I want to teach my children the importance of respect for one another, the importance of equality. Teach them that they should treat others as they wish to be treated. I want to teach them that there is a place in the sun for each and every one of us. I refuse to tangle them into believing that they should hate for something that happened two, three of four generations ago. We cannot clutch onto the past when trying to create a better future.

We need to learn to let go, not for the sake of the past generations, but more important, for the sake of the future generations


Celebrations….


We had a couple of celebrations the last month or so, giving us the opportunity to commemorate special moments and create precious memories.

We celebrated Mother’s Day and Father’s Day, giving praise and thanks to people whom without we would not have been possible, people that created us, raised us, moulded us, people that provided us with the necessary stepping stones in life, they kept us safe, wiped our tears and shared our joys, but they also had to let go and give us the opportunities to explore and grow on our own. But most of all, they love us!

It was also a great honour for me the day I became a mother…I am a mother, and a mother to the most precious littlest Biekies.

We also celebrated when Grandma and Grandpa came to visit for a few days. Not only did they bring presents and sea shells (yes our package was delivered “by hand”…it was delivered by the hand of grandma and grandpa), but they also brought “conversations till late”, “anybody for another cup of coffee?”, potjiekos, laughter, sharing and rekindling of special bonds between Biekies and those who love them. They further brought the opportunity of creating new memories, memories that we will be able to share the next time we meet.

And hopefully the next time will be next to the sandy shores of the sea, the sea with it’s crashing waves and noisy squawking seagulls gliding over-head, the sea we love so much and miss so dearly…

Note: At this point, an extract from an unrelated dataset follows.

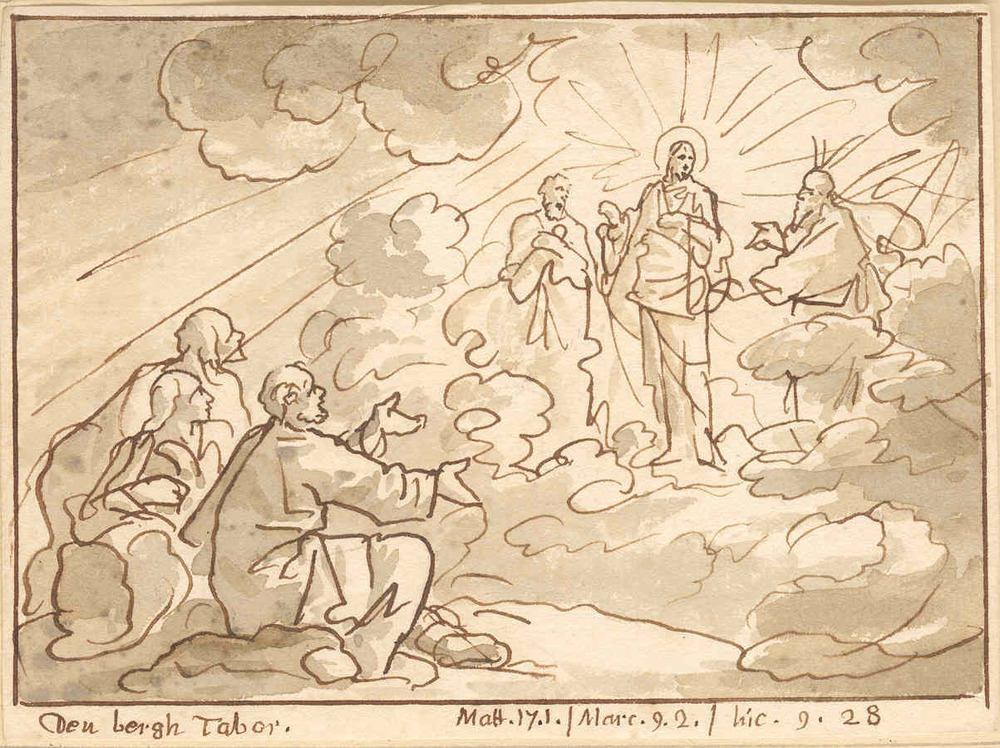 - onderschrift buiten kader: Den bergh Tabor. Matt.17.1. | Marc.9.2. | hic. 9. 28: titel

But, and this is a great, big BUT….

We celebrated littlest Miss Diva, we celebrated her life, her love… we celebrated her! Yes, the time came to celebrate her birthday, another year passed, which was filled with so many great and special moments, joys and laughter, yes, there were tears as well (but we like to think that those tears made us stronger in what we do and achieve…)

I cannot believe that she turned two! It is amazing to look back over the past two years, to see how far we have come from the day she was born until now, all the unforgettable moments that was created in that time frame, the goals that were reached, as well as passed with flying colours.

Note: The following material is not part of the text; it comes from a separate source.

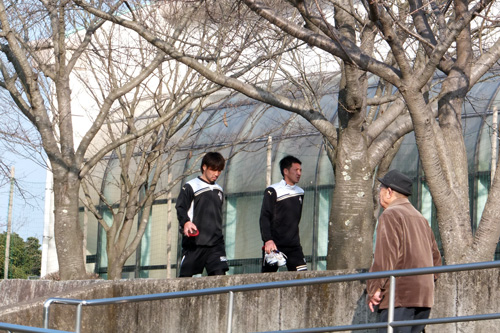 駐車場に歩いていたら、三々五々選手もバスの方へ戻って来ました。明日もがんばってね!

I miss her being a baby, I miss her milky-baby breath, I miss those tiny little fingers and those tiny little toes, but all of that has been replaced with a littlest singing along with the music playing on the radio, very inquisitive fingers and buzy little toes, and what mamma out there can not love little things like that, those remarkable changes we get to witness each and every day.

And celebrating all of this, we baked and laughed and sang and clapped and smiled…(and cried)…we shared this with friends and family, we indulged in braaivleis, mieliepap, and more laughter, we toasted to her, we toasted to that which has passed and that to come…. we created awesome memories… we celebrated!

Friday, June 1, 2012

Life as we know it


Life is hectic, keeping to our daily schedule and routines are not always easy.  Most mornings end up in me rushing the kids to get dressed and ready cause “we are late” (which we are 4 out of 5 mornings in a week). 

Friday evenings have been consumed by rugby practice and Saturday mornings are spend next to the rugby field, eating hotdogs and encouraging the Biekie.  Having my heart ache with pride has never felt so good!

The times following between Saturday and Friday H spend improving on his newly taught techniques, throwing and catching the ball, running with the ball, firmly gripped under the one arm and “pushing” the opponents away with the other, and using mommy’s legs as a batter ram for scrums and tackles.  Seeing his eyes lit up, the smile on his face and the endless enthusiasm in which all of this is done is priceless.  And yes, of course, my littlest remains one bad-ass kicker….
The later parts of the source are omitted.